Коста тоже беспокоился за старика, мысленно спорил с ним, доказывая свою правоту, но иной раз, проснувшись ночью, чувствовал себя виноватым оттого, что уехал и оставил отца. Уж кто-кто, а он-то, Коста, хорошо знал, как несладко старику с этой злыдней Кизьмидой. Хоть бы деньгами помогать Левану, да где их взять, деньги? Он и сам-то едва сводит концы с концами. Порой Коста ловил себя на желании бросить все, уехать к отцу, сказать ему те ласковые слова, с которыми мысленно не раз к нему обращался. Тогда он писал Левану длинные письма, рассказывал о своем житье-бытье, о своих надеждах и раздумьях… Он и сам не замечал, что иной раз его мысли принимали форму стиха, — стихи слагались сами собою, и писать их на родном языке было куда легче, чем на русском.
Постепенно Коста начинал чувствовать себя хозяином слова, образа… Ему не мешали чужие, навязшие в зубах строки модных поэтов, таких, как Апухтин, Надсон, Фофанов. По-осетински можно было писать просто, ясно, и не только можно, но и необходимо. Разве отец разобрался бы во всякого рода «разбитых грезах», «пылающих ланитах», «звучащих аккордах» и «больных музах»?
Коста получал от отца заботливые, ласковые письма, и все же он чувствовал, что старик Леван понимает его не до конца.
Зато письма Василия Ивановича Смирнова из Ставрополя поддерживали Коста, убеждали в правильности избранного пути. Василий Иванович с интересом расспрашивал о занятиях в академии, о Павле Петровиче Чистякове, радовался дружбе Коста с Верещагиным. Дни, когда приходили эти письма, были праздниками, и Коста тут же отвечал ему, делился сомнениями, удачами, советовался…
Чем увереннее входила в город весна, тем острее становилась тоска по родине, по зеленым горам и звонким ручьям, по милому Ставрополю, где сейчас уже цвели фруктовые деревья и лепестковая метель кружила по городу.

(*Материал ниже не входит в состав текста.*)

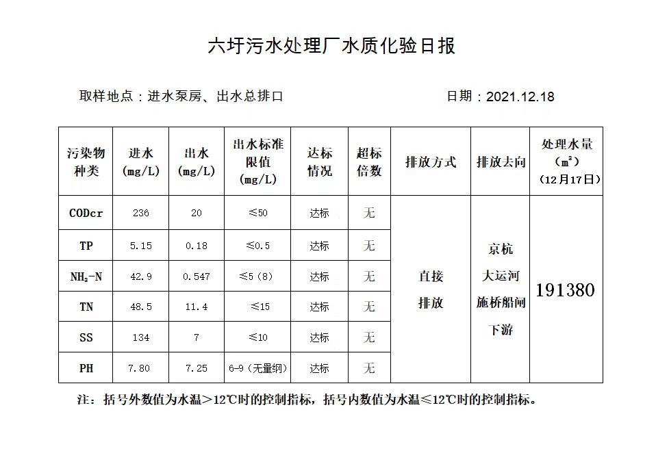 六圩污水处理厂水质化验日报(2021.12.18)
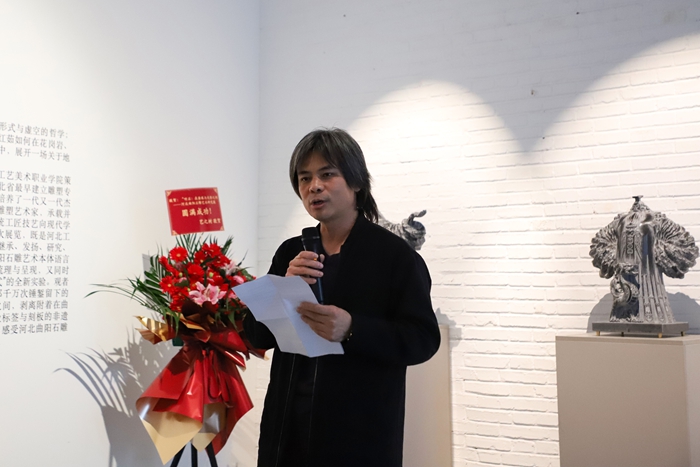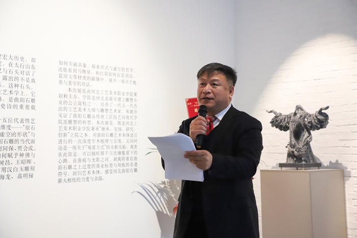 2025年12月16日,由河北工艺美术职业学院策划并主办、校长张广军担任策展人,曲阳县人民政府和河北省当代雕塑院协办的“听石:在凿痕与光影之间——河北曲阳石雕艺术研究展”在北京798艺术区萃岛画廊开幕。

Бывали дни, когда Коста места себе не находил. После занятий он отправлялся один бродить по городу, — но не парадными улицами и площадями, где сверкали витрины и по торцовой мостовой мягко цокали копыта выхоленных коней. Он шел по Васильевскому острову, мимо маленьких деревянных домиков, на взморье…
Был конец марта. Коста взял этюдник, подаренный Верещагиным перед отъездом его в Индию. Коста был смущен тогда дорогим подарком, не решался принять его.
— Берите, берите, — ласково улыбаясь в усы, говорил Верещагин. — Мне приятно, что вы будете вспоминать меня.
И правда, раскрывая этюдник, каждый раз, а иначе говоря, ежедневно, Коста с благодарностью думал о своем старшем друге.
…День выдался солнечный, тихий, и Коста решил отправиться на взморье — писать закат. Медленно брел он по улицам, огромные лужи стыли на мостовых, бежали ручейки, ускользающее закатное солнце отражалось в стеклах домов, обращенных на запад. Коста шел погруженный в свои думы, и, порою забывая, где он находится, останавливался, оглядывался.
— Стой! — раздался над самым его ухом резкий окрик. Чья-то грубая рука схватила этюдник.
Коста в растерянности остановился, однако этюдник из рук не выпустил.
— Документы!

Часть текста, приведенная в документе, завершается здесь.